Die aufgeworfene Frage ist geklärt. Mit rechtskräftigem Urteil vom 8. Dezember 2011 (Az. 13a B 11.30276 <juris> AuAS 2012, 35 -LS- = ZAR 2012, 80 -LS-) hat der Bayerische Verwaltungsgerichtshof entschieden, dass afghanische Staatsangehörige bei einer Rückkehr in die Südostregion (dort auch: Ghazni) nach derzeitiger Sicherheitslage im Allgemeinen keiner erheblichen individuellen Gefahr für Leib oder Leben nach § 60 Abs. 7 Satz 2 AufenthG ausgesetzt sind. Das Verwaltungsgericht hat hiermit und mit der Rechtsprechung des Bundesverwaltungsgerichts (BVerwG vom 29.6.2010 BVerwGE 137, 226) im Einklang das Vorliegen der Voraussetzungen des § 60 Abs. 7 Satz 2 AufenthG geprüft. Die Frage, ob ein innerstaatlicher bewaffneter Konflikt vorliegt, hat es offen gelassen. Jedenfalls sei die Gefahrendichte in der Provinz Ghazni nicht derart, dass eine konkrete individuelle Gefahr angenommen werden könne.

Demgegenüber wird im Zulassungsantrag nur darauf verwiesen, dass das Verwaltungsgericht lediglich Aussagen zu den Opferzahlen 2011 in Gesamtafghanistan und lediglich unter Zuhilfenahme einer Erkenntnisquelle getroffen habe. Im Übrigen wird auf die Berichte des UNHCR vom 24. März 2011 und 10. November 2009 (UNHCR – Richtlinien zur Feststellung des internationalen Schutzbedarfs afghanischer Schutzsuchender), von UNAMA (Annual Report 2011), der Schweizer Flüchtlingshilfe vom 11. August 2009 und vom 23. August 2011, der Kooperation Asylwesen Deutschland-Österreich-Schweiz vom März 2011 und der International Crisis Group vom 27. Juni 2011 (The Insurgency in Afghanistan’s Heartland) Bezug genommen, wonach sich die Gewalt in Afghanistan verschlimmere. Anhaltspunkte, dass die Gefahrendichte in der Herkunftsregion des Klägers so hoch ist, dass praktisch jede Zivilperson allein aufgrund ihrer Anwesenheit in dem betroffenen Gebiet einer ernsthaften individuellen Bedrohung ausgesetzt wäre, lassen sich daraus jedoch nicht entnehmen (vgl. BVerwG vom 14.7.2009 NVwZ 2010, 196; EuGH vom 17.2.2009 NVwZ 2009, 705). Aus den Berichten ergibt sich auch nicht, dass das Verwaltungsgericht von falschen oder unzureichenden Zahlen ausgegangen ist.

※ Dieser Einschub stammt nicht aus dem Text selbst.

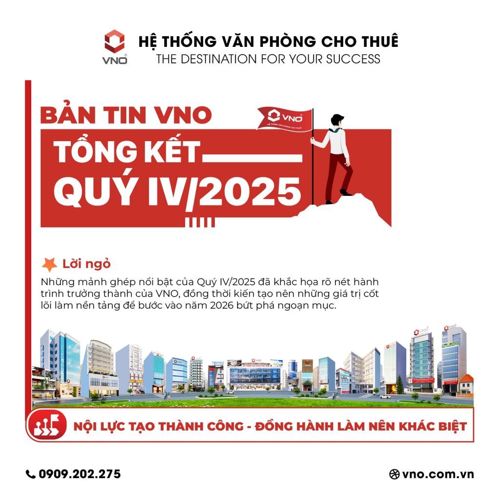 VNO trân trọng cảm ơn những người cộng sự đã đồng hành vượt qua mọi thăng trầm của năm 2025. Chúc chúng ta tiếp tục lớn lên từ những trải nghiệm đã được tôi luyện và bứt phá mạnh mẽ hơn trong năm mới 2026. Quý IV khép lại, hành trình 2025 cũng chính thức khép lại. VNO tự tin bước vào năm 2026 với tinh thần của một tập thể đủ nội lực để vươn xa hơn, đủ quyết tâm để mở rộng hơn và đủ gắn kết để đi cùng nhau lâu dài.

Des Weiteren ist auch nicht ersichtlich, dass die vom Verwaltungsgerichtshof in seinem Urteil vom 8. Dezember 2011 (a.a.O.) herangezogenen Erkenntnismittel fehlerhaft oder überholt wären. Aus den vom Kläger insoweit genannten Quellen, die bis auf die Stellungnahme der International Crisis Group auch vom Verwaltungsgerichtshof herangezogen wurden, ergibt sich nichts anderes. Bei der aufgeworfenen Frage handelte es sich im Übrigen um eine dem Verwaltungsgerichtshof als Tatsachengericht vorbehaltene Klärung und Würdigung der Größenordnung einer solchen Gefährdung (vgl. BVerwG vom 19.7.2011 BVerwG 10 B 10.11 <juris>).

Die Kostenentscheidung beruht auf § 154 Abs. 2 VwGO, § 83b AsylVfG.